Compounding the problem, the Agile movement has focused on high levels of customer involvement—basically a good thing—but we’ve gone too far. A large number of Agilists decry that they can’t get organizations to focus on technical practices—but why should that be a surprise when we encourage product managers/owners to make all the priority decisions and then measure performance using velocity?  We have overcompensated for the lack of customer focus in traditional methodologies—by giving control of prioritization to the product owner/manager. The tendency has been to lump all work under the heading of “customer-facing” stories and assume we can convince product owners to agree to all the technical engine work that needs to be done. This is an over-correction from traditional projects in which months of technical work preceded any customer facing work (which was an even worse problem).

Product managers/owners understand prioritizing customer experience work, but they are generally not incented nor understand the technical engine work to be done. We need to create a product ownership team consisting of the product owner and a technical leader (which may include a quality assurance lead). Product owners are the customers of today while technical and quality leaders are the customers of tomorrow.

Imagine our software delivery engine as a high-powered jet engine in a fighter aircraft. What if we fail to perform adequate maintenance on that engine—it gets gunked up. What if we don’t periodically re-build parts of the engine? In software delivery we gum up the engine by: ignoring technical debt, delaying refactorings, disregarding automated testing, under-investing in continuous integration tools and processes, and in accepting long deployment cycles. These things are often considered “technical niceties” rather than keeping the engine running at optimum capacity.

In Don Reinertsen’s book, The Principles of Product Development Flow, he suggests the formula: Cycle time / Value added time = 1 / (1 – Utilization). Therefore, when teams optimize their process for velocity, they increase the amount of waste in the delivery process, and increase cycle time. Conversely, when teams optimize for cycle time, utilization (and thus velocity) goes down. There has to be a balance.

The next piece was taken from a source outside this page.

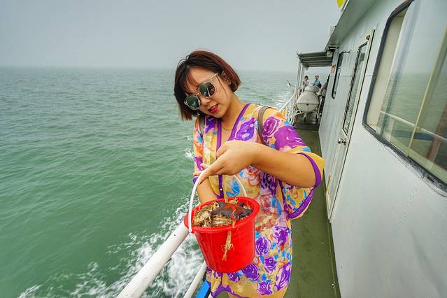 出海捕鱼的可不是真正的渔船,而是这种观光性质的游轮,真正的渔船是禁止载客的,这种游轮只是体验一下出海打渔的过程。在码头买票100元,没有折扣,渔家老板能拿到半价,感觉又可以出海,又可以分点捕捞上来的海鲜,倒也挺合算的。
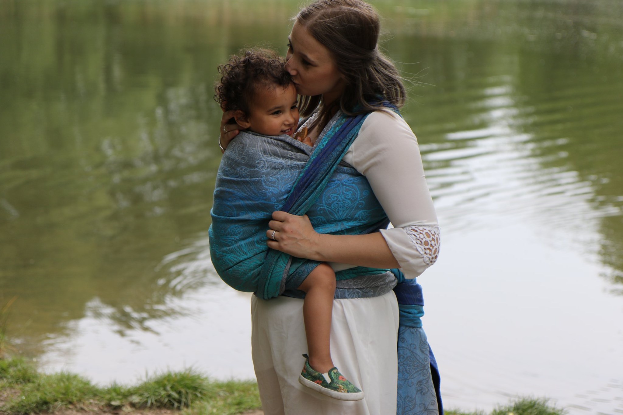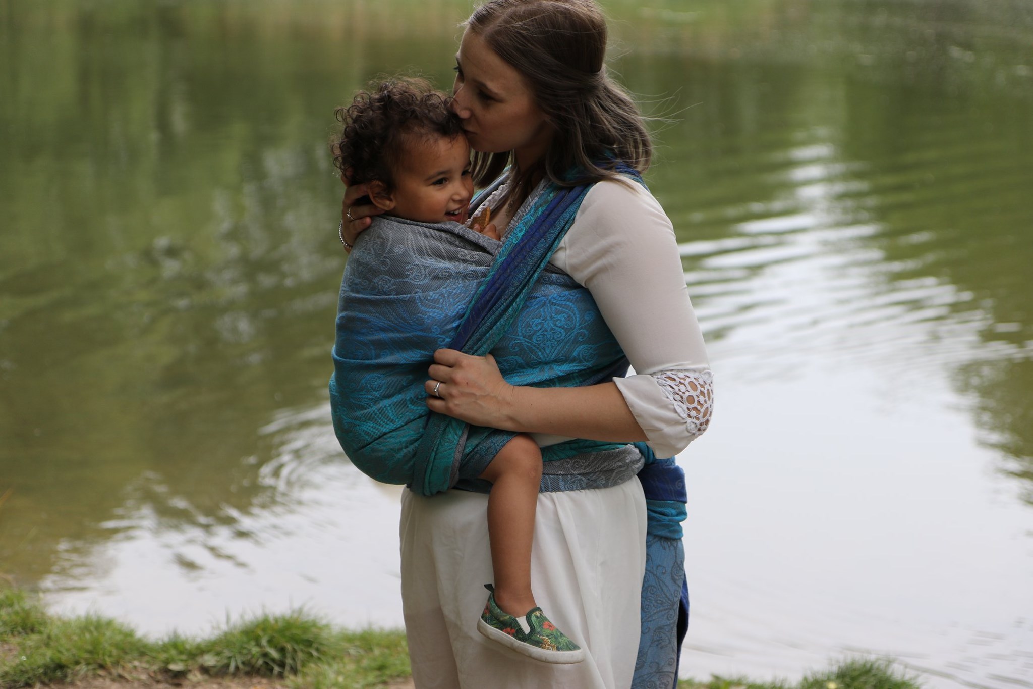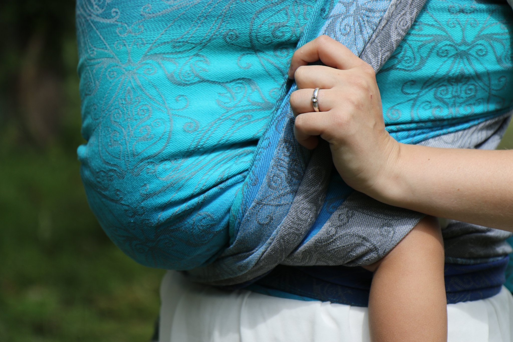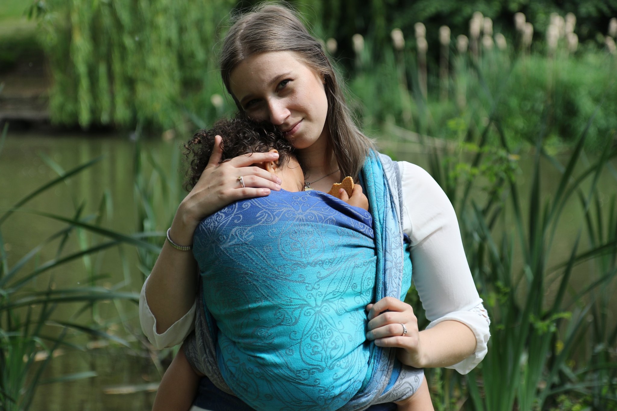 Med en ringsjal kan du snabbt och lätt bära ditt barn, du trär tyget genom ringarna, sätter i barnet och spänner enligt instruktionerna. Observera att det inte är rekommenderat att bära barnet i position “vagga” då det kan leda till att barnet inte får fria luftvägar.

Business has moved from a world of periodic change to one of continuous change. In parallel to this, software development is evolving from project work (deliver software in a big batch and then maintain it) to one that is product oriented (deliver software in continuous releases). In order to drive behavior in the right direction we need to incorporate measures like value, delivery cycle time and technical quality metrics into our performance criteria. We need to calculate feature “value” points as well as feature “effort” points (story points). Cycle time can be an excellent measure because it depends on the software delivery engine working well, and, it’s a measure business customers understand. When we say, “Do we want new features or quality (or technical debt reduction, etc.)” it’s easy for product owners/customers to say, “of course new features.” Instead we need to say, “How do we need to balance new feature delivery with cycle time reduction?” [Note: Cost of Delay, per Don Reinertsen’s book, can also be a useful metric.]

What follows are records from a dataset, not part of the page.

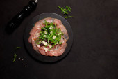 Zdjęcie "Dwie brzydkie czerwone papryki nadające się do gotowania na szarym talerzu. Czarne tło z młynem pieprzowym i przyprawami, widok z góry z przestrzenią" może być wykorzystywane do celów osobistych i komercyjnych zgodnie z warunkami zakupionej licencji Royalty-free. Obraz jest dostępny do pobrania w jakości wysokiej rozdzielczości do 5760x3840.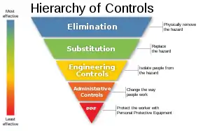 - "CDC - Hierarchy of Controls - NIOSH Workplace Safety and Health Topic". www.cdc.gov. Retrieved 2018-02-23.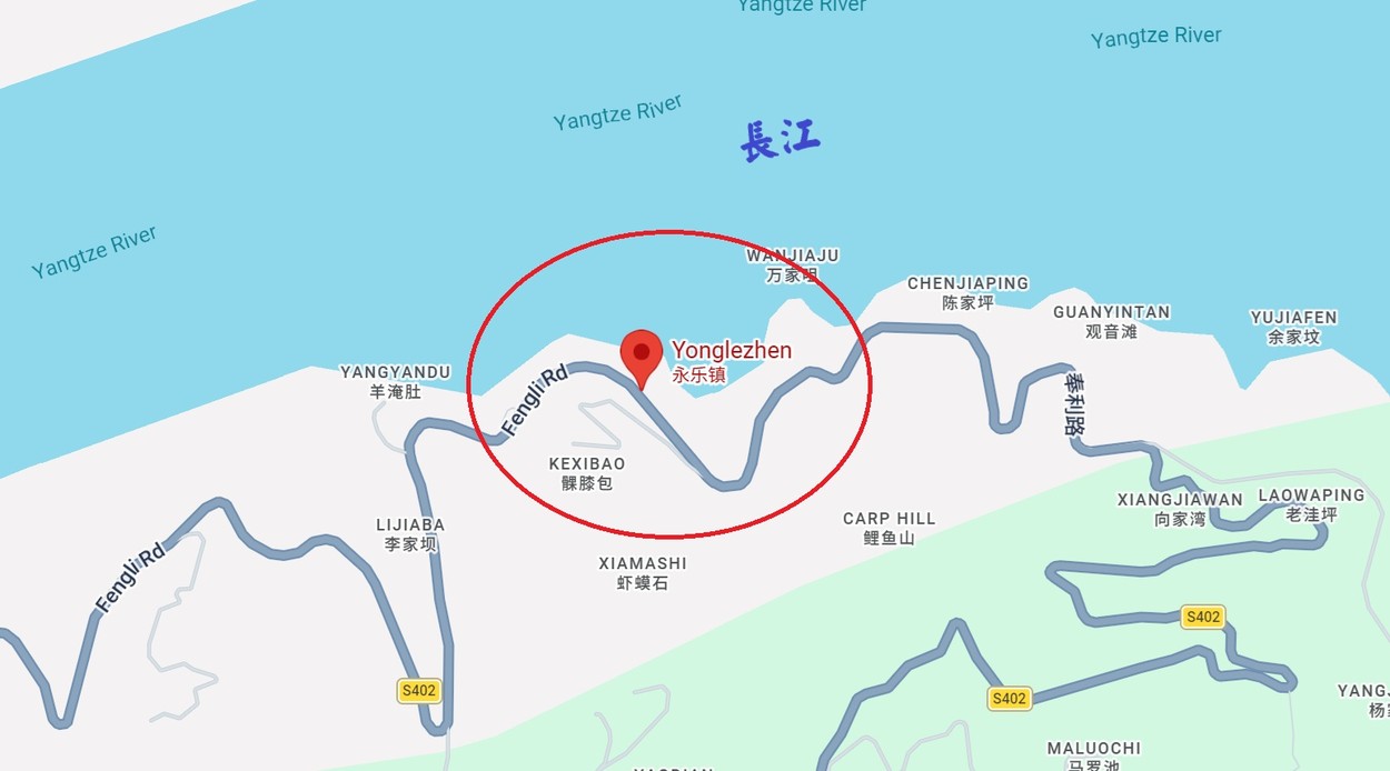重慶奉節縣永樂鎮大壩村就在長江邊上,但是村民長期存在生活用水困難和灌溉困難。(谷歌地圖)

This blog should not be interpreted as anti-velocity; it still has a place for capacity planning. The problem is the weight given to velocity and turning it into a productivity measure. Because it is easy to measure, we measure it. But even more important is measuring things like feature value, feature delivery cycle time, and quality measures (defects, technical debt, etc.). Delivering high-value features to customers should be paramount, but the focus should not be one-time delivery, but continuous delivery. The debate is not features or quality; it’s balancing delivering features quickly today with increasing our ability to delivery features quickly tomorrow—over and over again. Business responsiveness is a capability, not a one-time event. Supporting that ongoing need for business responsiveness requires a high-powered, well-oiled software responsiveness engine.

Note: Thanks to Martin Fowler, Jez Humble, and Ken Collier for their comments and ideas on this article.